Required action
Return every line below as is, leaving out the pictures.

══════

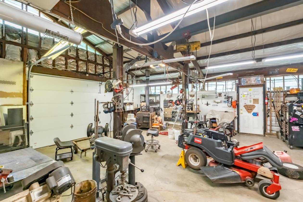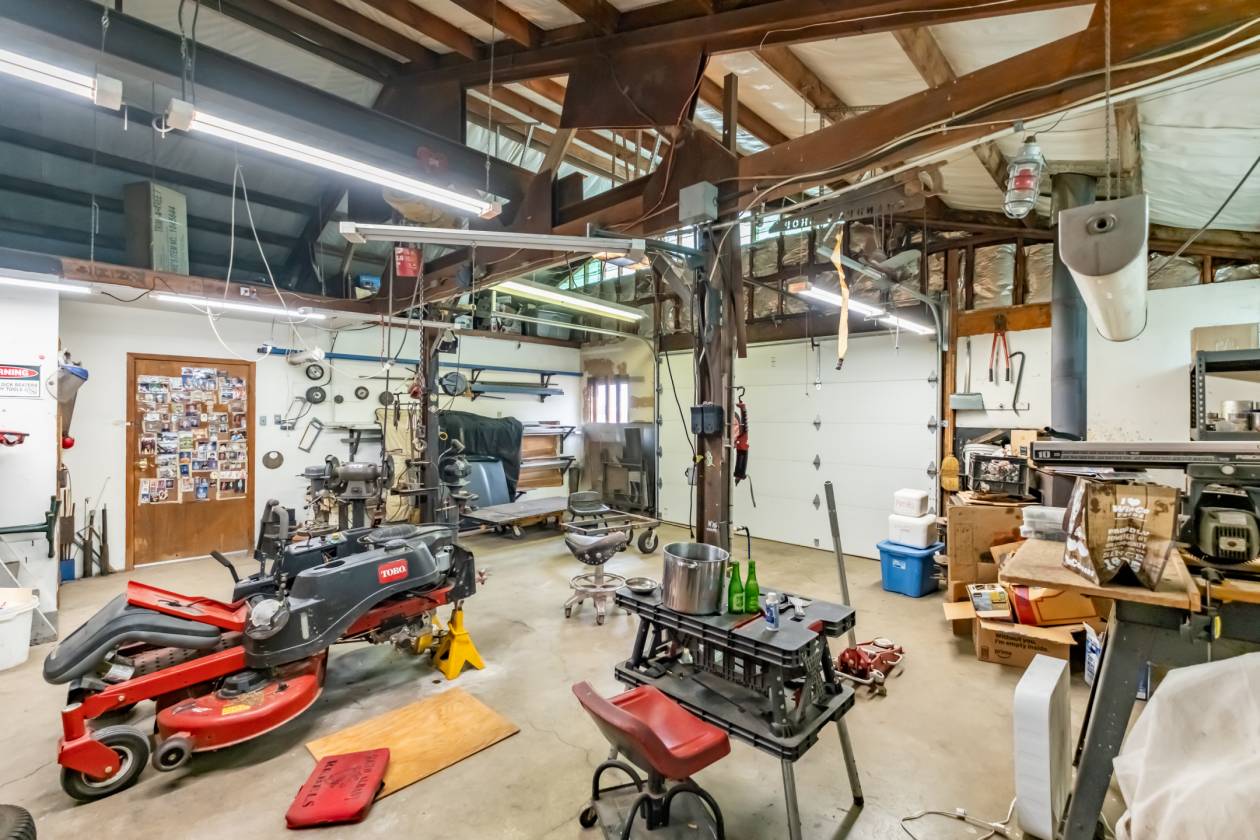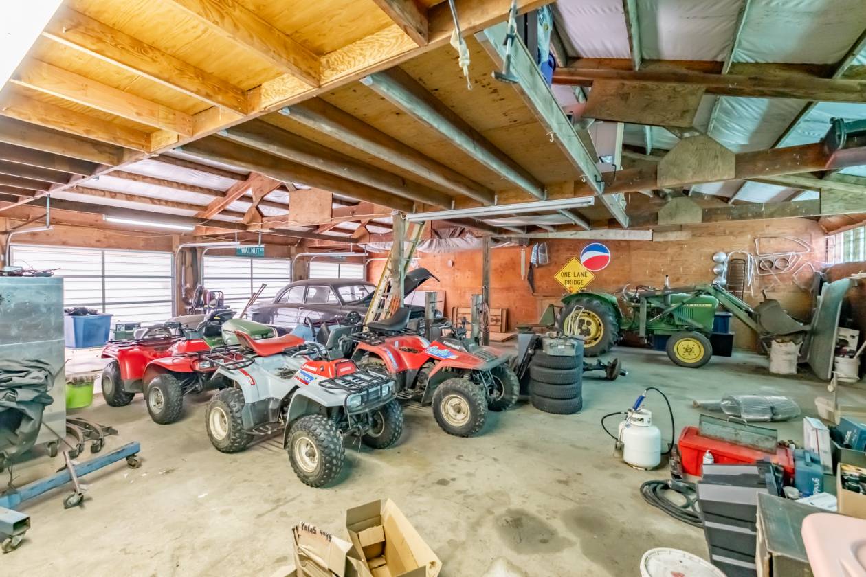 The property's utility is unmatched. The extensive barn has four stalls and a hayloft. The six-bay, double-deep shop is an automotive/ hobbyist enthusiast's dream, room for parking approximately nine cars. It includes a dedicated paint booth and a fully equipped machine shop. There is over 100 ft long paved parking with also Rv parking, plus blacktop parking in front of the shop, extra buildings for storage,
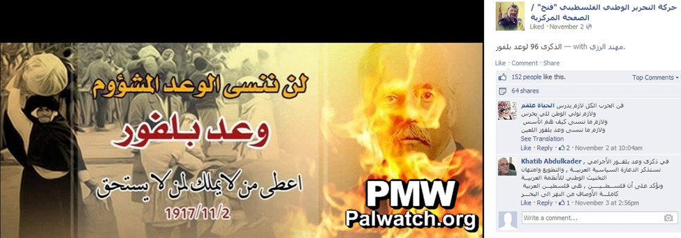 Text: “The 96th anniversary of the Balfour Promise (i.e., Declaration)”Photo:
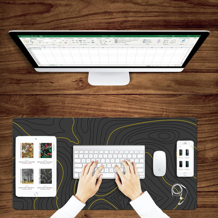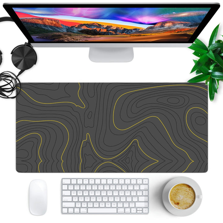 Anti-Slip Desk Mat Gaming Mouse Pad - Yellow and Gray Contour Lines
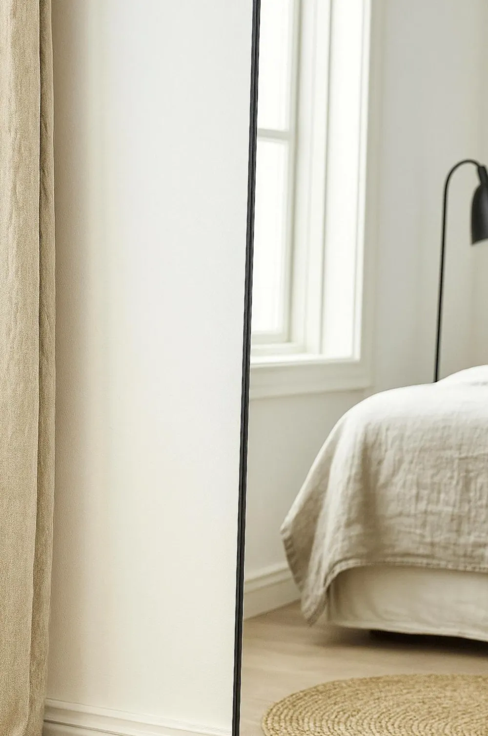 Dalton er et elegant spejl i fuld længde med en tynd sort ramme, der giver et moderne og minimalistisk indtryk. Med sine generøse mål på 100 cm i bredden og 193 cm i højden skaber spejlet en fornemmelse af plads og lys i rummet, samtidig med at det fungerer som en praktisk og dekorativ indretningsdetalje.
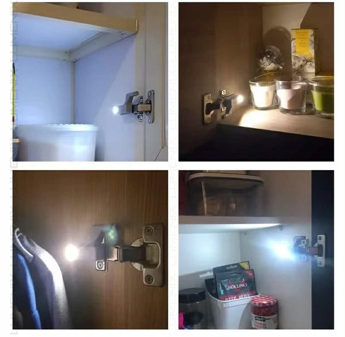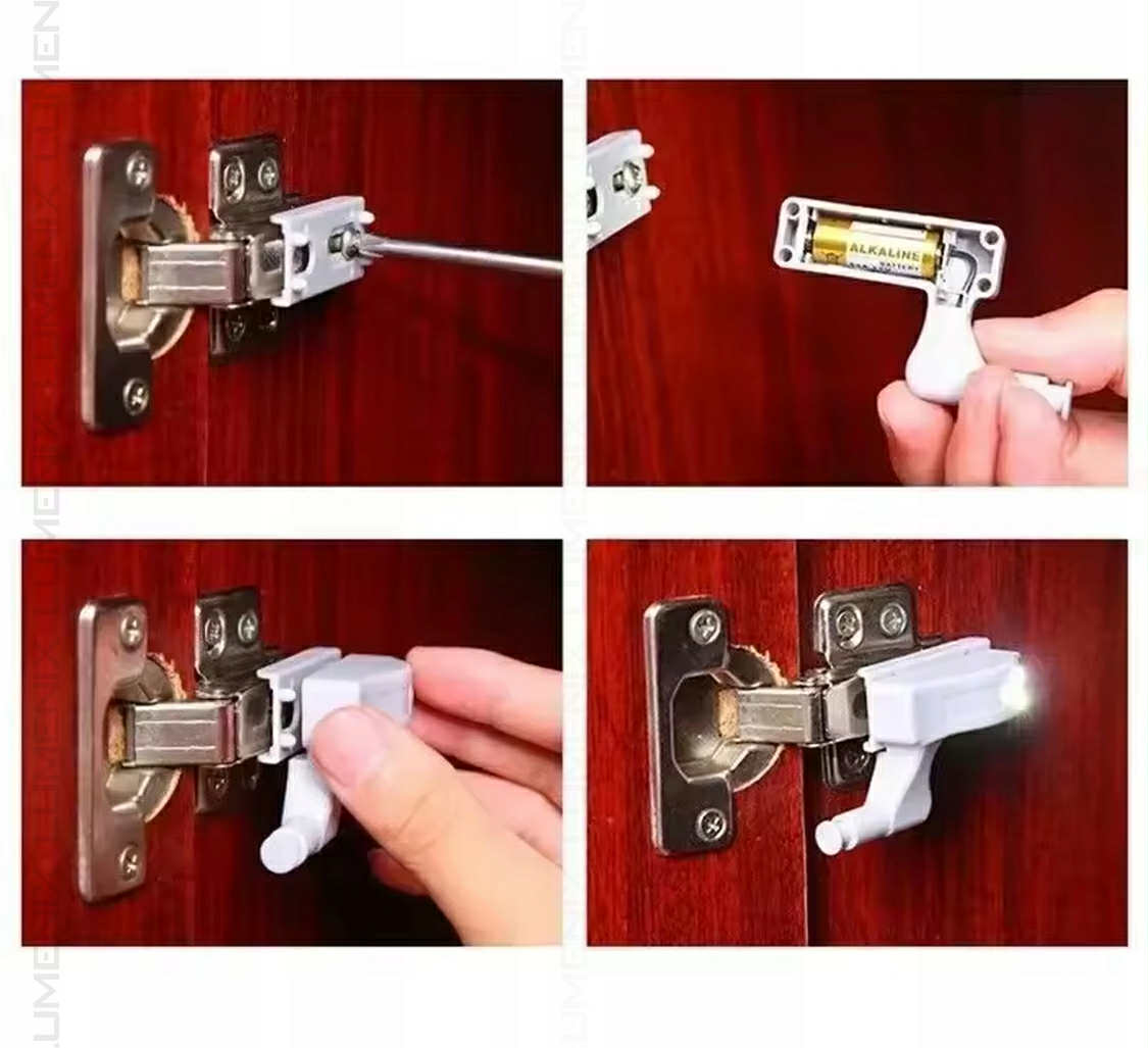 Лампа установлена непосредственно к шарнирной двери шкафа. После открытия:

══════

Response for this exercise
 The property's utility is unmatched. The extensive barn has four stalls and a hayloft. The six-bay, double-deep shop is an automotive/ hobbyist enthusiast's dream, room for parking approximately nine cars. It includes a dedicated paint booth and a fully equipped machine shop. There is over 100 ft long paved parking with also Rv parking, plus blacktop parking in front of the shop, extra buildings for storage,
 Text: “The 96th anniversary of the Balfour Promise (i.e., Declaration)”Photo:
 Anti-Slip Desk Mat Gaming Mouse Pad - Yellow and Gray Contour Lines
 Dalton er et elegant spejl i fuld længde med en tynd sort ramme, der giver et moderne og minimalistisk indtryk. Med sine generøse mål på 100 cm i bredden og 193 cm i højden skaber spejlet en fornemmelse af plads og lys i rummet, samtidig med at det fungerer som en praktisk og dekorativ indretningsdetalje.
 Лампа установлена непосредственно к шарнирной двери шкафа. После открытия:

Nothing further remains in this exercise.